[Extracted data entries]
◆ ◆ ◆
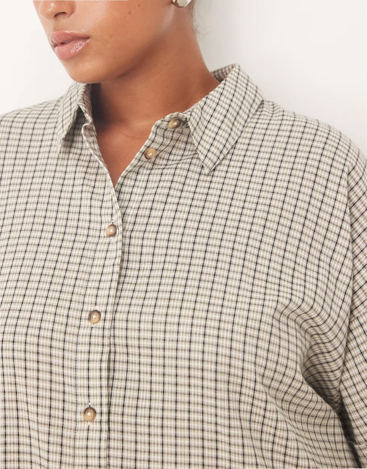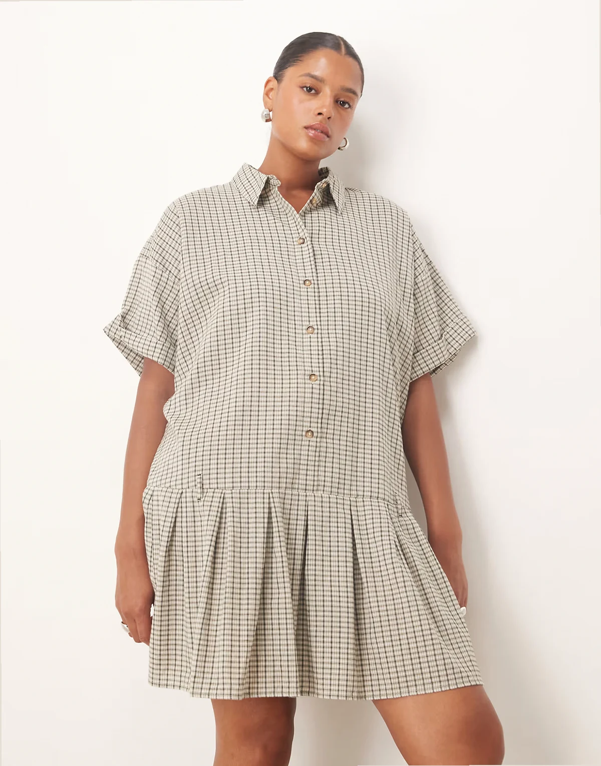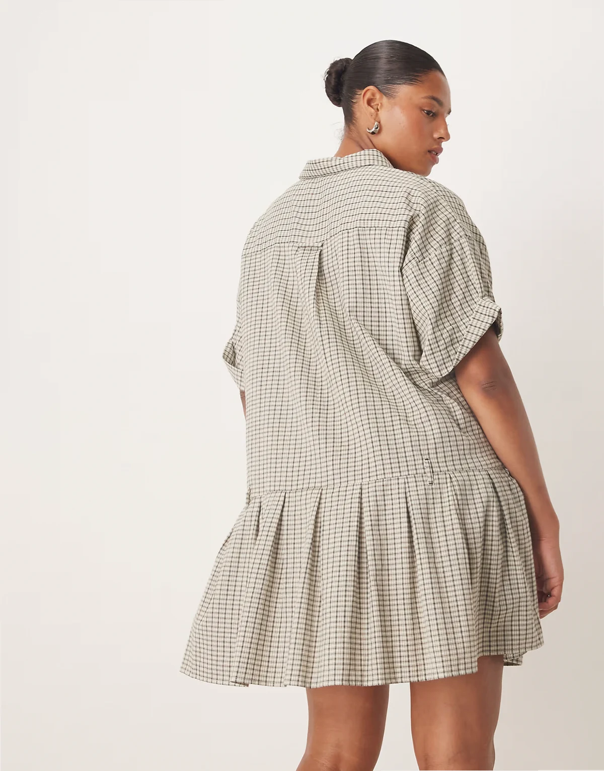 ASOS DESIGN Curve – Kurzes, kariertes Boxy-Fit-Hemdblusenkleid in Schwarz-Weiß mit tiefer Taille
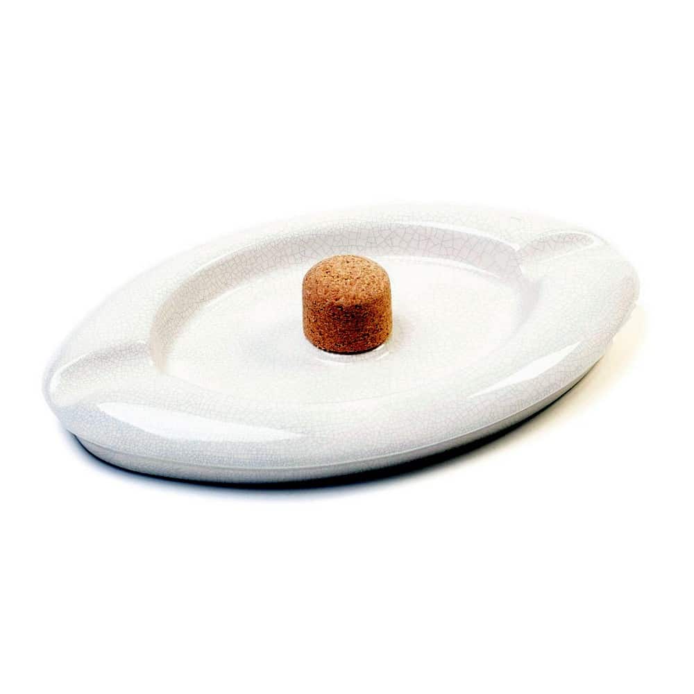 Savinelli premium-quality ceramic pipe ashtray. It has oval shape and it combines an ashtray space with a cork pipe knocker and 2 stands for cigarettes or cigars. To have it all in order!
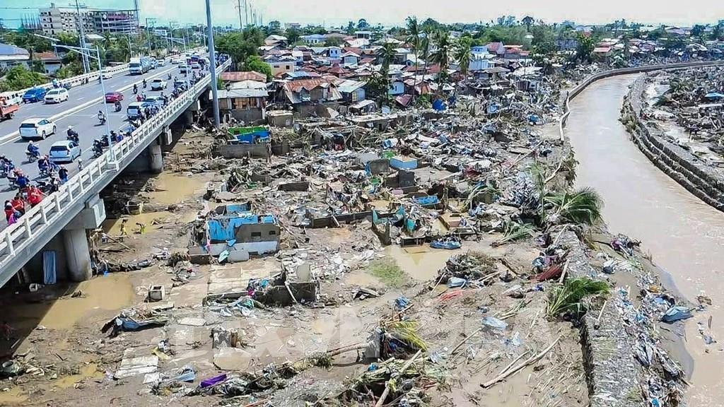 Khu vực bị bão Kalmaegi tàn phá tại tỉnh Cebu, Philippines. Ảnh: THX/TTXVN
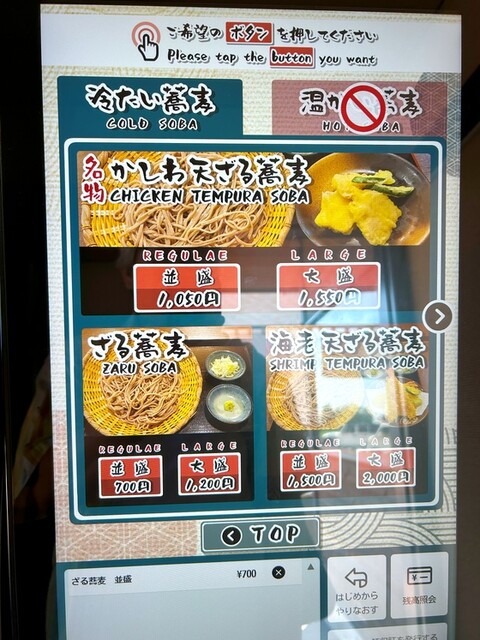 「ざる蕎麦(並盛) 700円税込」
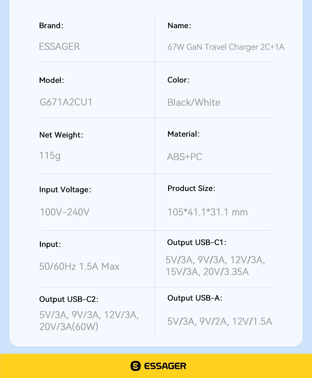 USB-C1: 5V⎓3A 9V⎓3A 12V⎓3A 15V⎓3A 20V⎓3.35A
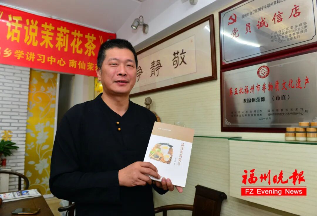▲翁文峰展示科普读物《话说茉莉花茶》。记者 叶诚 摄
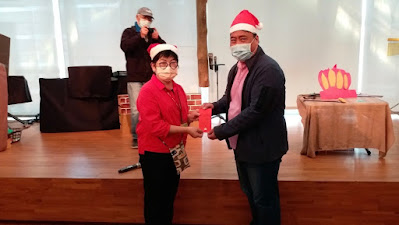 今天12月25日聖誕節,舉辦歡樂慶聖誕,因為疫情之故,無法全面開放,以實名制邀請,最多二位家人。除了有小朋友們的表演還有禮物交換,以大中小不同年黏來進行;摸彩-老師們積極的募集,共有大小不同的禮物將近70份,有市長、議長、立委、議員、家長、廠商和民間友人,為了讓更多家庭有機會抽到獎的喜悅,於是老師們決定以家戶為單位,一家一張。
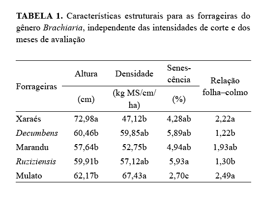 estruturais dos capins marandu e xaraés submetidos a intensidades de pastejo. Revista Brasileira de
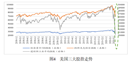 近期,多国股市剧烈震荡,表现出三方面特征。一是跌幅大。美股时隔23年再次触发熔断机制。2月20日至3月16日,道琼斯、纳斯达克、标普500分别下跌30.9%、29.2%、29.3%,美股已进入技术性熊市(图4)。欧洲股市亦全线跳水,2月20日至3月16日,德国DAX和法国CAC40均下跌36.0%。二是范围广。除美欧外,加拿大、巴西、韩国、泰国、巴基斯坦、印尼、菲律宾、墨西哥、哥伦比亚等多国股市也遭受重创,大幅下跌并触发熔断。三是难逆转。近期美联储超出市场预期,紧急降息、降准并推出量化宽松,均未能有效阻止美股下跌。
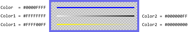 Starting with the version 11.00 the Line view calculates the resulting colors by modulating the values from the individual properties Color1, Color2 by the value from the common property Color. In this manner, you are able to specify colors in all properties simultaneously avoiding the unpredictable behavior found in the preceding version. From technical point of view, the modulation is performed by multiplying the color components (red, green, blue, alpha) from the individual property (e.g. Color1) with the corresponding components from the common property Color.
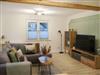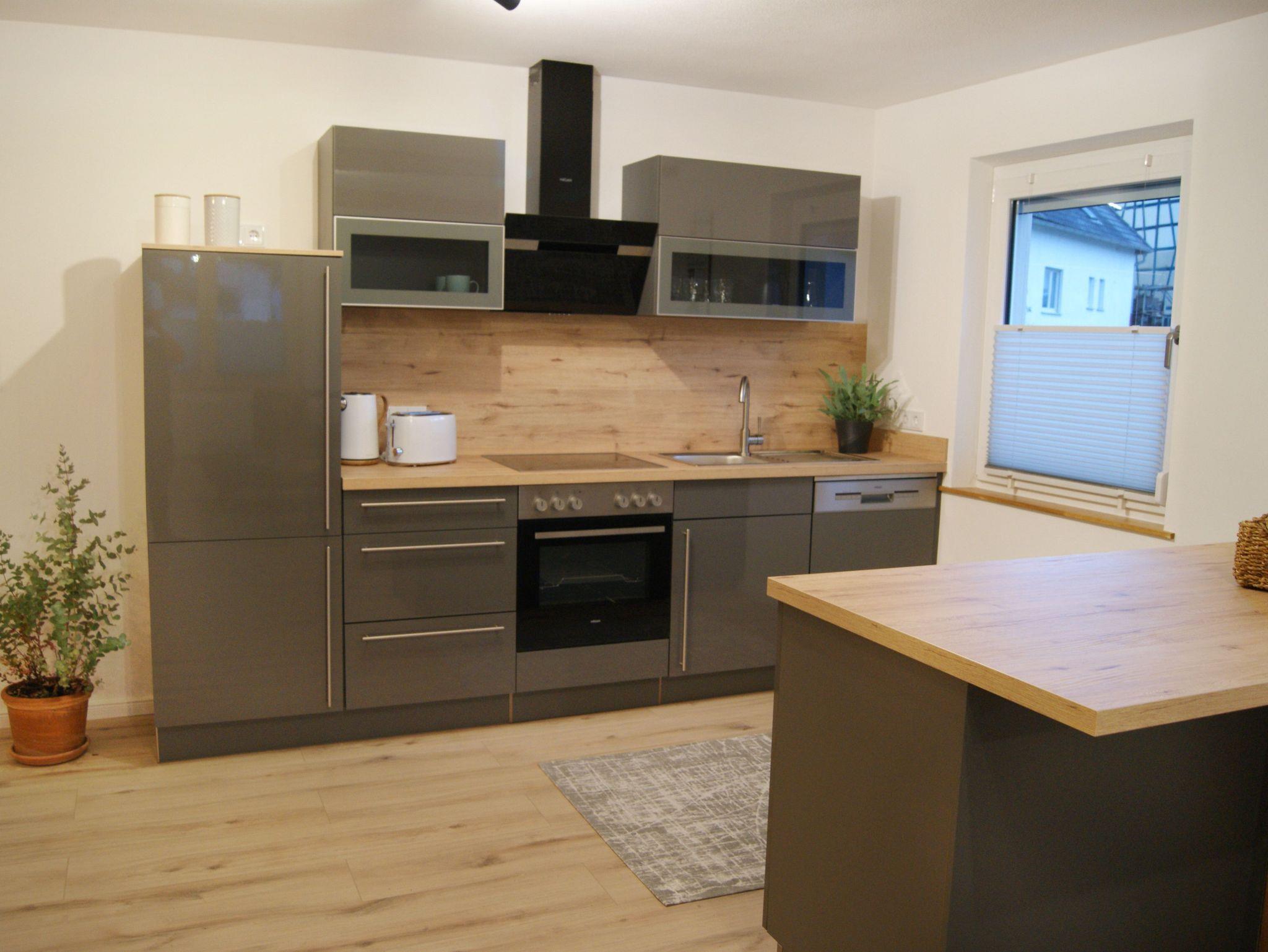 Großzügig gestaltetes Wohnzimmer mit Familiencouch, TV und Kaminofen. Küche, Essbereich und Wohnzimmer sind als offener Wohnraum gestaltet. In der Küche befindet sich eine Einbauküche mit Herd / Ofen, eine Spülmaschine und eine Kühl-Gefrierkombination.
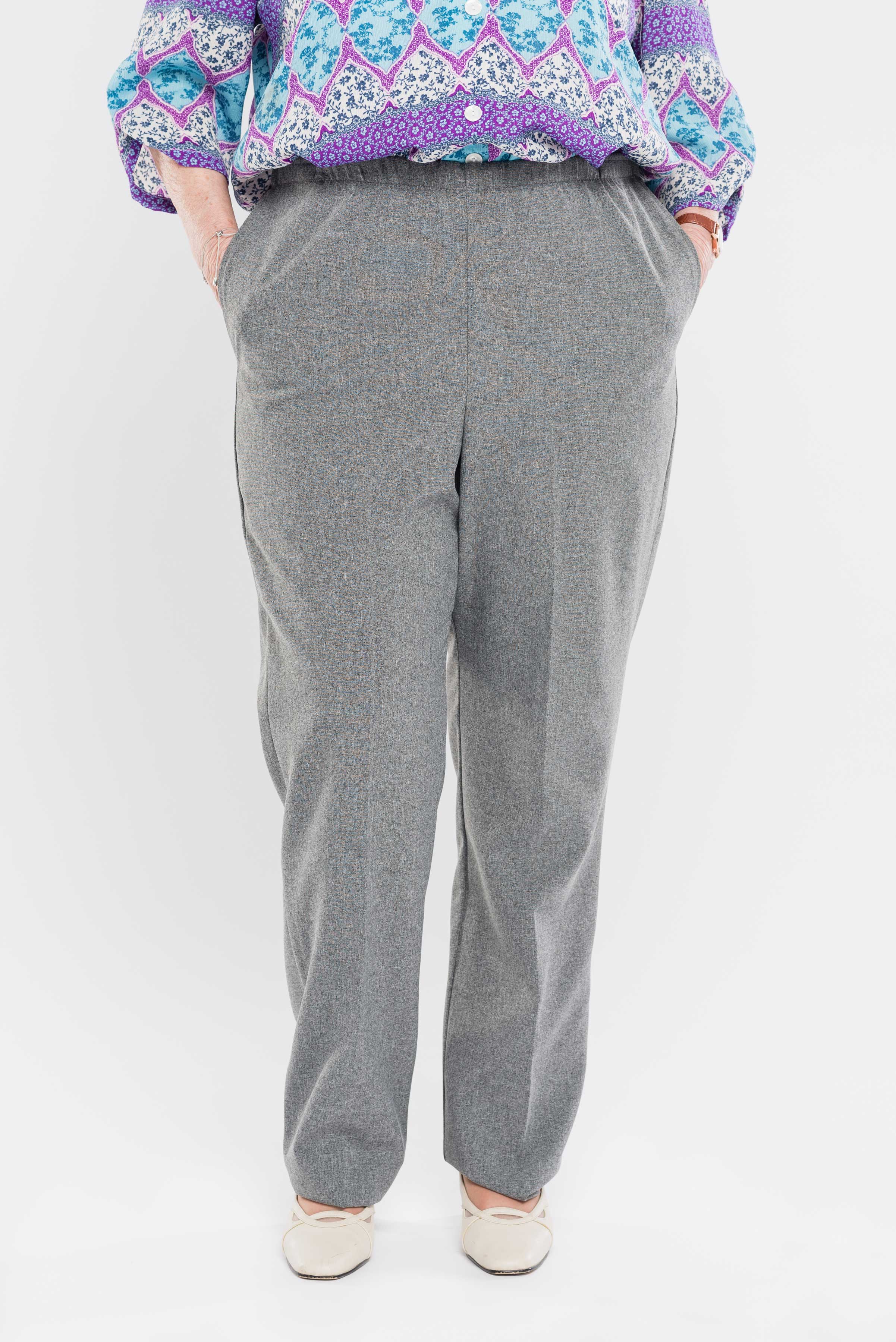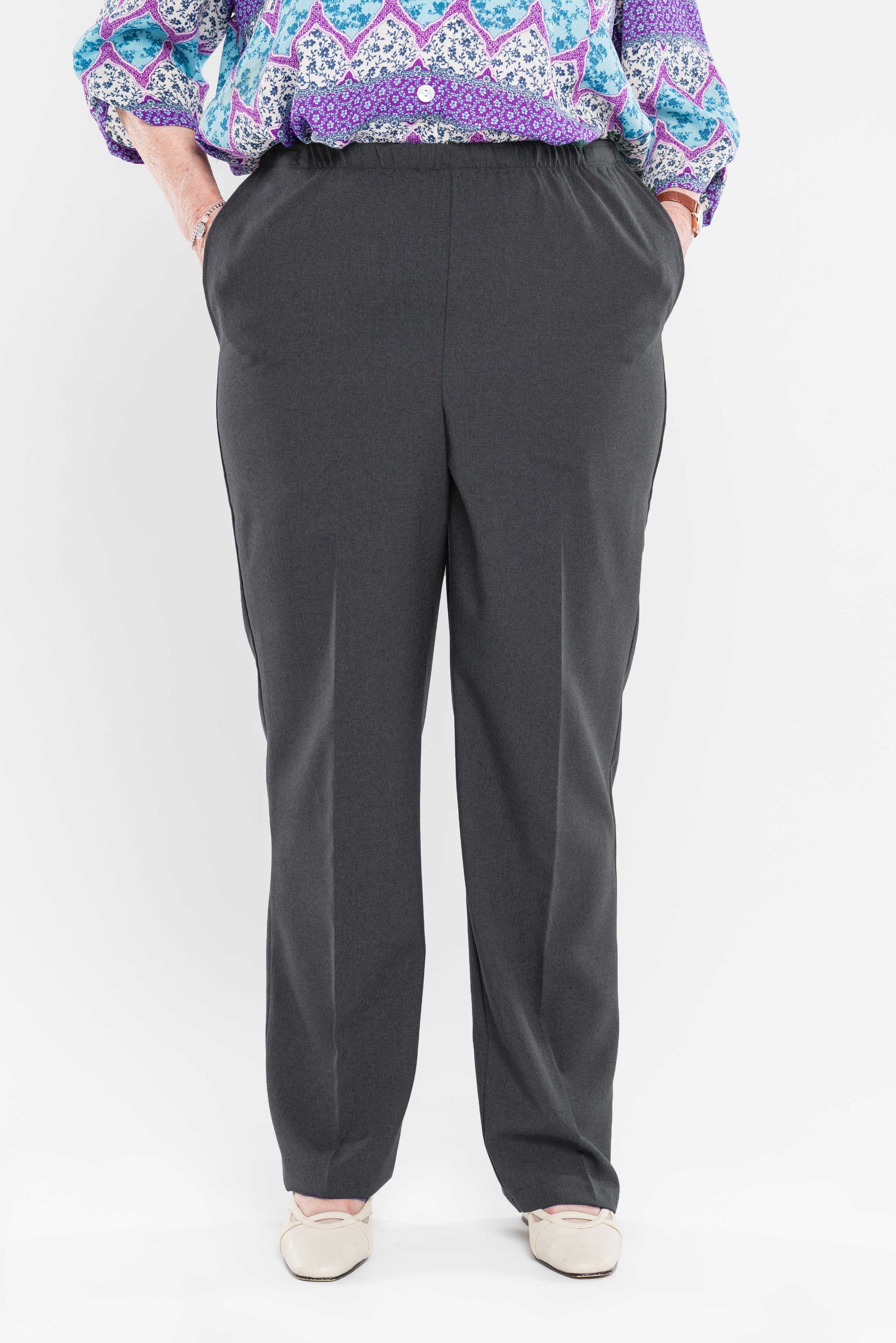 Stay comfortable and stylish with our side-opening pants. Our pants feature convenient side openings with snap closures. Made from machine-washable gabardine polyester, they also have an attractive heathered tone. Perfect for everyday wear! This product is designed for people with reduced mobility. You can put it on without having to leave your bed or wheelchair. 100% polyester.
◆ ◆ ◆
Apart from the pictures, return every entry above exactly as given.

Completed task:
 ASOS DESIGN Curve – Kurzes, kariertes Boxy-Fit-Hemdblusenkleid in Schwarz-Weiß mit tiefer Taille
 Savinelli premium-quality ceramic pipe ashtray. It has oval shape and it combines an ashtray space with a cork pipe knocker and 2 stands for cigarettes or cigars. To have it all in order!
 Khu vực bị bão Kalmaegi tàn phá tại tỉnh Cebu, Philippines. Ảnh: THX/TTXVN
 「ざる蕎麦(並盛) 700円税込」
 USB-C1: 5V⎓3A 9V⎓3A 12V⎓3A 15V⎓3A 20V⎓3.35A
▲翁文峰展示科普读物《话说茉莉花茶》。记者 叶诚 摄
 今天12月25日聖誕節,舉辦歡樂慶聖誕,因為疫情之故,無法全面開放,以實名制邀請,最多二位家人。除了有小朋友們的表演還有禮物交換,以大中小不同年黏來進行;摸彩-老師們積極的募集,共有大小不同的禮物將近70份,有市長、議長、立委、議員、家長、廠商和民間友人,為了讓更多家庭有機會抽到獎的喜悅,於是老師們決定以家戶為單位,一家一張。
 estruturais dos capins marandu e xaraés submetidos a intensidades de pastejo. Revista Brasileira de
 近期,多国股市剧烈震荡,表现出三方面特征。一是跌幅大。美股时隔23年再次触发熔断机制。2月20日至3月16日,道琼斯、纳斯达克、标普500分别下跌30.9%、29.2%、29.3%,美股已进入技术性熊市(图4)。欧洲股市亦全线跳水,2月20日至3月16日,德国DAX和法国CAC40均下跌36.0%。二是范围广。除美欧外,加拿大、巴西、韩国、泰国、巴基斯坦、印尼、菲律宾、墨西哥、哥伦比亚等多国股市也遭受重创,大幅下跌并触发熔断。三是难逆转。近期美联储超出市场预期,紧急降息、降准并推出量化宽松,均未能有效阻止美股下跌。
 Starting with the version 11.00 the Line view calculates the resulting colors by modulating the values from the individual properties Color1, Color2 by the value from the common property Color. In this manner, you are able to specify colors in all properties simultaneously avoiding the unpredictable behavior found in the preceding version. From technical point of view, the modulation is performed by multiplying the color components (red, green, blue, alpha) from the individual property (e.g. Color1) with the corresponding components from the common property Color.
 Großzügig gestaltetes Wohnzimmer mit Familiencouch, TV und Kaminofen. Küche, Essbereich und Wohnzimmer sind als offener Wohnraum gestaltet. In der Küche befindet sich eine Einbauküche mit Herd / Ofen, eine Spülmaschine und eine Kühl-Gefrierkombination.
 Stay comfortable and stylish with our side-opening pants. Our pants feature convenient side openings with snap closures. Made from machine-washable gabardine polyester, they also have an attractive heathered tone. Perfect for everyday wear! This product is designed for people with reduced mobility. You can put it on without having to leave your bed or wheelchair. 100% polyester.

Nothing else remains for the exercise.